In order to understand the argument better, we need to look at the figures for vote shares in the recent election. The table below shows the data.

2017 Election Vote Shares




Uttar Pradesh



Nowhere did the BJP and its allies win a popular vote majority, although in Uttarakhand they came close, in an election that was almost a two-party contest.. In Punjab they lost and probably would have lost even more dismally if AAP were not in the picture. In Goa the BJP received only about 32% of the vote, and any INC alliance with one of the regional parties could have won a majority of the seats. The BJP was dominant in Uttarakhand, and they improved their position substantially in Manipur. In the race for the big prize, Uttar Pradesh, the BJP and its allies did almost as well as in 2014, and this produced a huge seat tally.

However, a glance at the table above tells us that things may have turned out very differently if the BJP’s opponents had teamed up as a grand coalition in Uttar Paradesh, as they had done in Bihar in 2015. A Bihar style SP-BSP-INC Magahathbandhan would have defeated the NDA easily. Indeed, against the JD-RJD-INC coalition in Bihar in 2015, the NDA coalition was able to win only 58 out of 243 seats while the Mahagathbandhan won 178 seats. It seems likely that against a similar “great coalition” in Uttar Pradesh, the NDA coalition would have fared just as badly. And that would have meant that BJP would have suffered a great defeat, losing Uttar Pradesh, Goa and Punjab, and possibly also Manipur. Instead, we had the thumping BJP victory. All because BSP and SP did not work out a coalition.

Of course, there are many good and valid reasons why the SP and BSP could not form a coalition. In the end, the time was just not right for it. And yet, as the BJP and Mr. Modi get stronger, there will be more and more pressure on the Opposition parties to set aside their differences and join together in a grand coalition. The historical precedent for such a move is 1977. In the post-emergency 1977 election Mrs. Gandhi was defeated by a grand coalition that included parties as disparate as the Jana Sangh and the CPI(M). This Janata Alliance won 43% of the vote, and 345 seats and this was Mrs. Gandhi’s first electoral loss.

The decision to anoint Yogi Adityanath, instead of some nondescript administrator, as Chief Minister of U.P. must be seen in this light.
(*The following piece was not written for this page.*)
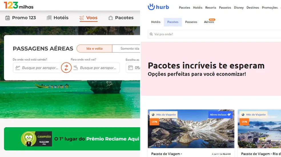 Tanto 123 Milhas quanto Hurb operam os pacotes promocionais da seguinte forma:

The BJP will need to consolidate Hindu votes in order to win in 2019. As the blogger “chaiwalla” writes, in another very lucid passage,

Modi needed a big face, a regional satrap who transcends caste. If you want to be really politically incorrect, you could say he needed someone who can unite the 80% against the 20%. Did he have another option that would give him a realistic chance in the fight against the Mahagathbandhan?

When you evaluate the choice of the U.P Chief Minister in the context of this argument, it starts to make a lot of sense. Economic development is a long and uncertain game and it is unlikely to pay off in the short time until the 2019 election. Hindutva and related cultural goals are much more achievable short-term targets. These goals will include the aggressive policing of  “eve-teasing” and “love-jihad”, the partial banning of meat and other impure products, and similar acts of shuddhikaran. This will also be a sort of development, but a cultural and spiritual one rather than an economic one.

This path of purified development, likely to be followed by Yogi Adityanath, will also have the added advantage of implicitly, and eventually explicitly defining an “other” that is impure, anti-national, and anti-Hindu, and one that engages in forbidden acts such as meat eating, sexual profligacy, elitist scholarship, and of course, terrorism and consorting with the enemy. Once this is made clear, all good Hindus can be expected to join together in a thorough denunciation and derogation of the other side, i.e. the seculars and the anti-Hindus. This will unite the Hindu polity behind its natural leaders, PM Modi, and his eventual successor, CM Yogi.

At least, that is the plan. We will have to wait and see how it turns out. Homo proponit, sed Deus disponit.